Problem statement
Pictures stay out. All the rest of the records must be repeated exactly.

Stored data
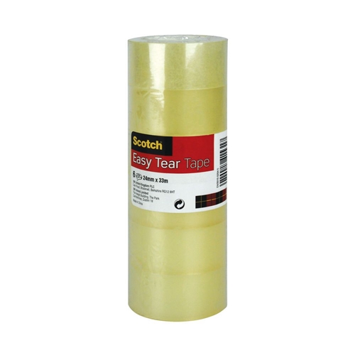 Scotch Easy Tear Tape is designed for everyday use. Great for making quick and strong repairs to torn paper, sealing packages or attaching labels. The clear tape is almost invisible in use for an attractive finish, and can be torn easily by hand for quick application. The 24mm wide tape is supplied on 33m rolls. This pack contains 6 rolls of tape.
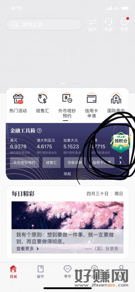 中银跨境app首页去做积分任务,可以撸会员,等积分到了可以玖
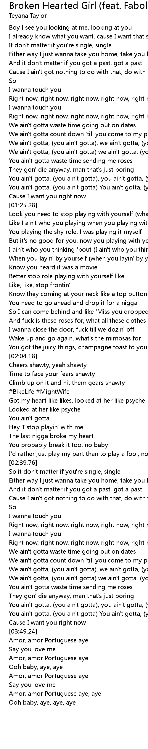 Broken Hearted Girl (feat. Fabolous) Lyrics
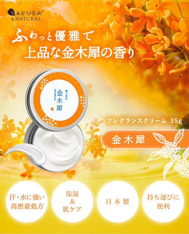 練り香水 金木犀 香水 35g [日本製] 金木犀の香り キンモクセイ香水 コロン 金木犀の香水 フレグランスバーム ヴァーム キンモクセイ パフューム 練香水 フレグランスクリーム アロマ お試し 爽やか 芳香剤 送料無料 メール便 SAKURA&NATURAL
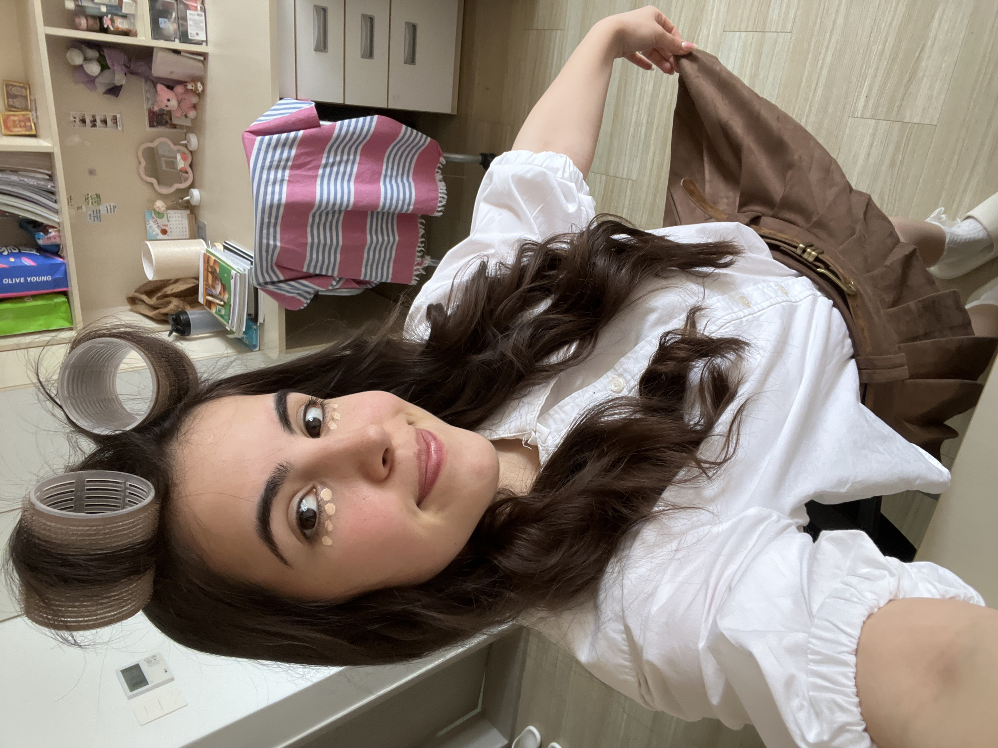A selfie captures a young woman indoors, likely in her home. She is wearing two hair rollers and small dots of an unknown substance under her eyes. She is dressed in a white blouse and a brown skirt, holding the skirt up with her right hand. The background shows a shelf with various items, including a pink teddy bear, some books, and a striped cloth. The floor is a light-colored wood. Given that "Olive Young" packaging is visible, and the context of the prompt, the location is plausibly in Daegu, South Korea.

Task solution
 Scotch Easy Tear Tape is designed for everyday use. Great for making quick and strong repairs to torn paper, sealing packages or attaching labels. The clear tape is almost invisible in use for an attractive finish, and can be torn easily by hand for quick application. The 24mm wide tape is supplied on 33m rolls. This pack contains 6 rolls of tape.
 中银跨境app首页去做积分任务,可以撸会员,等积分到了可以玖
 Broken Hearted Girl (feat. Fabolous) Lyrics
 練り香水 金木犀 香水 35g [日本製] 金木犀の香り キンモクセイ香水 コロン 金木犀の香水 フレグランスバーム ヴァーム キンモクセイ パフューム 練香水 フレグランスクリーム アロマ お試し 爽やか 芳香剤 送料無料 メール便 SAKURA&NATURAL
A selfie captures a young woman indoors, likely in her home. She is wearing two hair rollers and small dots of an unknown substance under her eyes. She is dressed in a white blouse and a brown skirt, holding the skirt up with her right hand. The background shows a shelf with various items, including a pink teddy bear, some books, and a striped cloth. The floor is a light-colored wood. Given that "Olive Young" packaging is visible, and the context of the prompt, the location is plausibly in Daegu, South Korea.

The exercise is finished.